Dive Brief:
- Music streaming business Akazoo S.A. agreed to pay $38.8 million to settle charges it defrauded investors in a special purpose acquisition company (SPAC) that merged with it in 2019, the Securities and Exchange Commission says.
- Akazoo, an emerging-markets music streaming business, told investors in Modern Media Acquisition Company, the SPAC that merged with it, that it had more than 38.2 million registered users, 4.6 million paying subscribers, and more than $120 million in annual revenue, when in fact it had no paying users and only negligible revenue, the SEC alleges.
- Based on its misrepresentations, the SEC says, the company entered into the SPAC business combination, generating about $14 million from the SPAC and another $41 million from a private investment in public equity (PIPE) that the SPAC had arranged.
Dive Insight:
The SEC began looking into the company in 2020 after its operations were exposed by a short seller and the company's board opened an internal investigation that led to its filing a 6-K. The filing disclosed the potentially fraudulent actions of former members of Akazoo’s management team and associates.

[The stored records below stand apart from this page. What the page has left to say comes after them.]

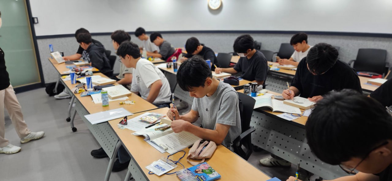 13일 오전 9시30분부터 오후 1시30분까지 진행된 수업은 책 <나를 모르는 나에게>를 주교재 했다. 단순히 책을 읽고 학습하듯이 하는 수업이 아니라, 노래 가사 알아보기, 사전 찾기, 협동화 그리기 등 다양한 활동을 통해 흥미를 유발하는 문해력 수업을 진행했다. 특히 자신의 성향(MBTI)을 알아보는 내용은 학생들의 관심을 끌었다. 고등학생 남학생만을 대상으로 한수업은 4시간이라는 긴 시간이 무색할 정도로, 시간이 모자라다는 의견이 있을 정도로 흥미롭게 진행되었다. 같은 글을 읽으며 생각도 해보고, 또한 그 내용도 살피는 유익한 시간이 되었고, 학생들의 여러 가지 생각거리를 주었다는 대원고 지도교사의 후기가 있었고, 중고등학생들이 도서관을 찾는 계기가 되어 무척 뜻깊었다고 중곡체육문화도서관 정찬종 사서가 감사의 뜻을 밝히기도 했다.
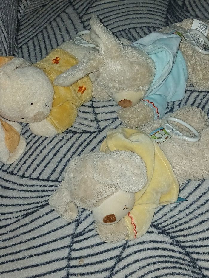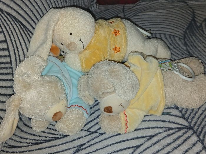 La musique est fonctionnelle, ils sont en très bon état Le prix est pour 1 doudou...le lapin est vendu
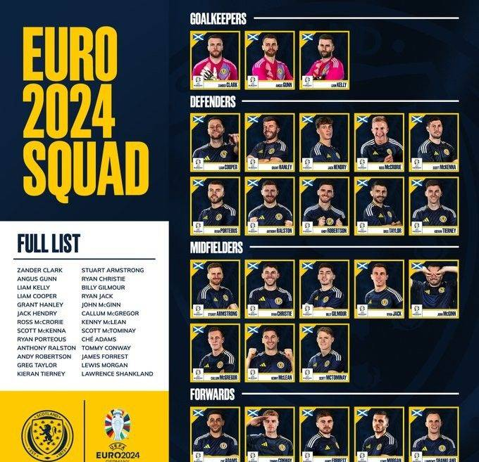 苏格兰公布欧洲杯26人大名单:罗伯逊、麦克托米奈入选 蒂尔尼、麦
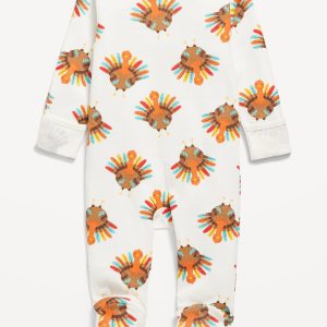 Printed 2-Way-Zip Sleep & Play Footed One-Piece for Baby: rib-knit crew neck, long sleeves, fold-over mittens, reversible two-way zippersewn-in feet, #867712
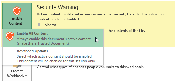 If you open an Excel file with macros, you will see a yellow message bar with a shield icon and an Enable Content button .

"Akazoo admitted that it had only negligible revenue and subscribers, its historical financial statements were materially false and misleading, and 'former members of Akazoo management and associates participated in a sophisticated scheme to falsify Akazoo’s books and records,'" the SEC says in its complaint.
Shortly after the 6-K filing, Nasdaq halted trading in Akazoo’s stock, whose price had fallen from a high of $7.49 in the weeks following its formation to $1.16, and then a month later it delisted the company.

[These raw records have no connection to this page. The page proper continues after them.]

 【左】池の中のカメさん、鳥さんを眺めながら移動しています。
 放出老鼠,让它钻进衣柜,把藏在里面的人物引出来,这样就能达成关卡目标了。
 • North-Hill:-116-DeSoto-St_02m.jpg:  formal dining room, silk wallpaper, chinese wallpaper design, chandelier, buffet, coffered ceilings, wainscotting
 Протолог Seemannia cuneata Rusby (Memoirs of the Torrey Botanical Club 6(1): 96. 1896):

The SEC froze the company's assets after it had depleted more than $23 million of investor funds.
Misrepresentations
During the roughly eight months the company traded on Nasdaq, it made a number of materially false claims, including that it operated in 25 countries, its premium subscribers had grown to 5.3 million, and its revenues at one point were growing almost 40% year-over-year.
"As Akazoo would soon admit to the public, none of its repeated claims about its subscriber base, operations, or revenues were true," the SEC says. "Akazoo’s streaming business generated, at most, negligible revenue from September 2019 through May 2020. The company operated in only a few countries, and the company had only a marginal amount of non-revenue generating subscribers. Rather, the company’s only significant source of funds during that time was the $54.8 million raised from investors."
In its settlement with the SEC, without admitting or denying guilt, the company agreed to disgorge the roughly $38.8 million in capital it had as a result of the asset freeze. Of that amount, about $35 million will go to investors who were misled into giving the company money and settlements in connection with several private class action lawsuits.
"One goal in filing [the] emergency action [earlier in the year] was to preserve assets for the benefit of injured investors," says David Peavler, director of the SEC's Fort Worth regional office.
The action is the latest in stepped-up scrutiny of SPAC transactions, says Peavler.
"The SEC is intently focused on SPAC merger transactions, and we will continue to hold wrongdoers in this space accountable," he says.